Just as source code control systems use patch files to describe the differences between two versions of a file, Conary uses changesets to describe the differences between versions of components. These changesets include the actual changes in contents in existing files, the contents of new files, name changes (if files are renamed but otherwise unchanged, only the change in name is included), permissions changes, and so forth. They also can include changes to components as well as to individual files.

Conary changesets are quite often transient objects; they are created as part of an operation (such as fetching a new version from a repository) and disappear when that operation has completed. They can be stored in files, however, which allows them to be distributed like the package files produced by a classical package management system. Applying changesets rather than installing whole new versions of libraries and applications allows Conary to update only the parts of the system which have changed, rather than blindly reinstalling every file. Changesets are more efficient than classic packages in at least two ways: they take less space to express what changes to make on the system, and they take less time to apply the changes to the system when the set of changes required is small. These benefits apply whether the changesets are acquired through a network connection to a repository, on a CD, or via any other method.

Representing updates as changesets not only saves space and bandwidth, it also allows merging. Conary intelligently merges changes to file contents and file metadata such as permissions. This capability is very useful if you wish to maintain a branch of an application or library while keeping current with vendor maintenance, while adding a couple of patches to meet local needs.

Conary also preserves local changes in essentially the same way. When, for example, you add a few lines to a configuration file on an installed system, and then a new version of an application is released with changes to that configuration file, Conary can merge the two unless there is a direct conflict (unusual, but possible). If there is a conflict, it is marked as such so that modifications can be applied. Also, if you change something as simple as a file's permissions, those changes will be preserved across upgrades.

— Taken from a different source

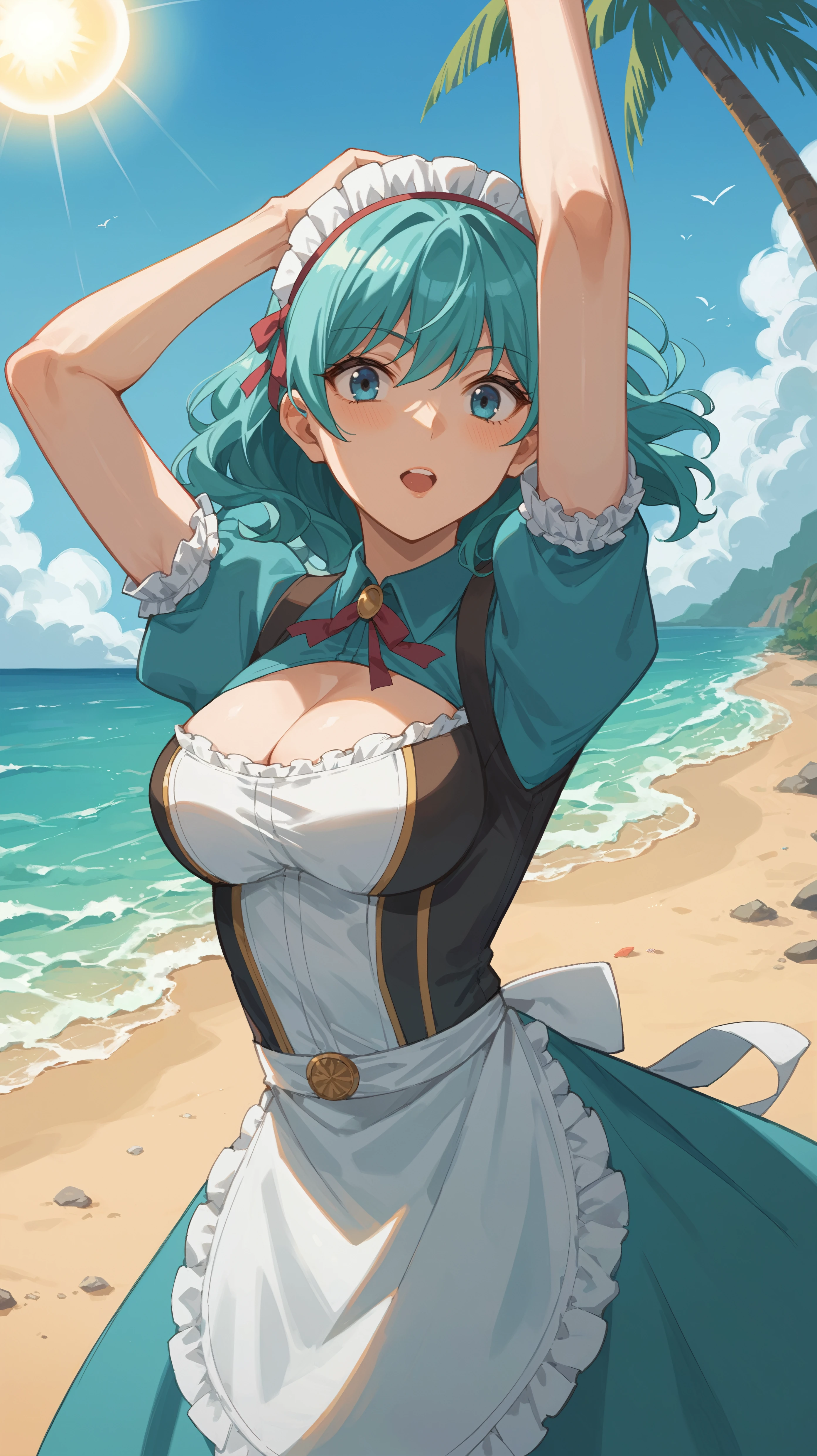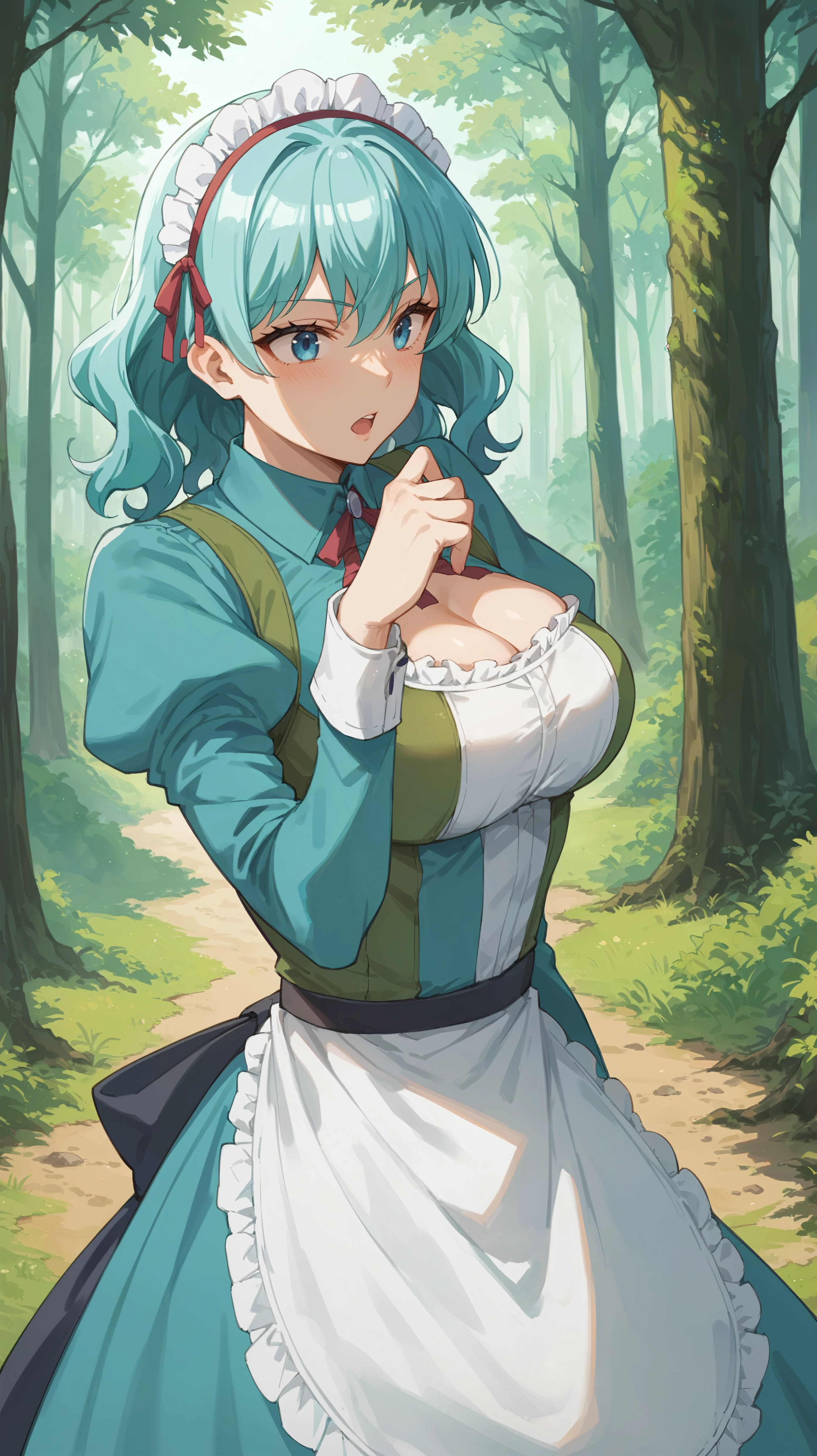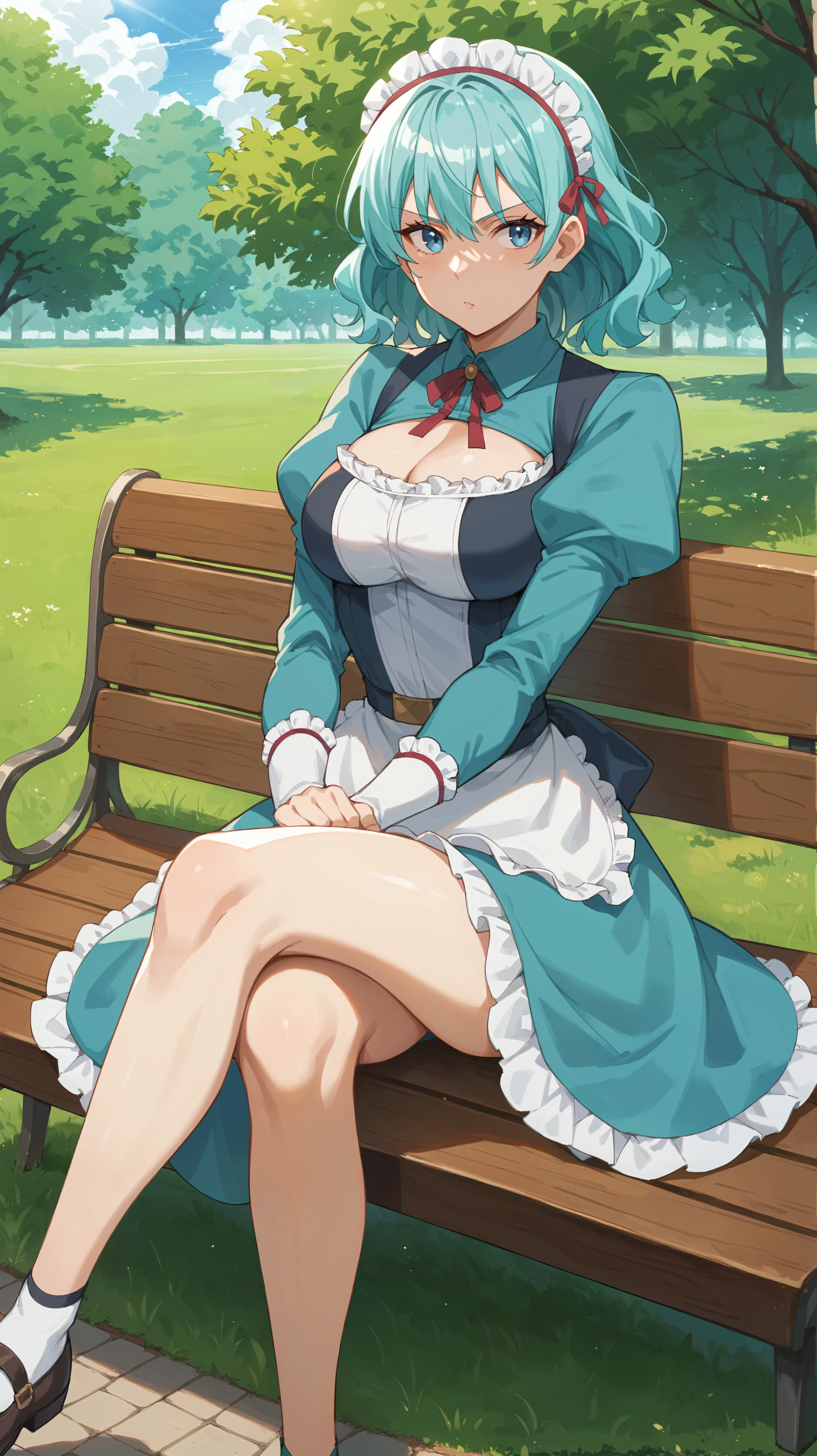 aqua hair, medium hair, blue eyes, aqua maid dress, maid headdress, frills, apron1. Modèle partagé uniquement à l'apprentissage et au partage. Droits d'auteur et interprétation finale réservés à l'auteur original.

A local changeset is a special changeset that represents the changes made on a local system. There are two ways Conary allows you to commit local changesets: committing a local changeset to a repository, and distributing the changeset to individual systems. The first is better for systems with entirely centralized management policies, and the latter for individual systems that are expected to autonomously update themselves asynchronously.

Changesets represent a sane approach to preserving changes to a system while ensuring system integrity and limiting resources used to make such changes. System customization and maintenance are no longer an obstacle with Conary.

Summary

Conary is a powerful new software management system. rPath has applied lessons taught by the drawbacks of traditional packaging applications to create a software management system that puts the customization of a system first. While it is easy to describe Conary as a cross between packaging and source control applications, it is in fact a very powerful provisioning system. From the power of tracking upstream releases with shadows, to the security and low-overhead of changesets, all within a database-driven repository, Conary has redrawn the playing field for Linux Operating System management and customization.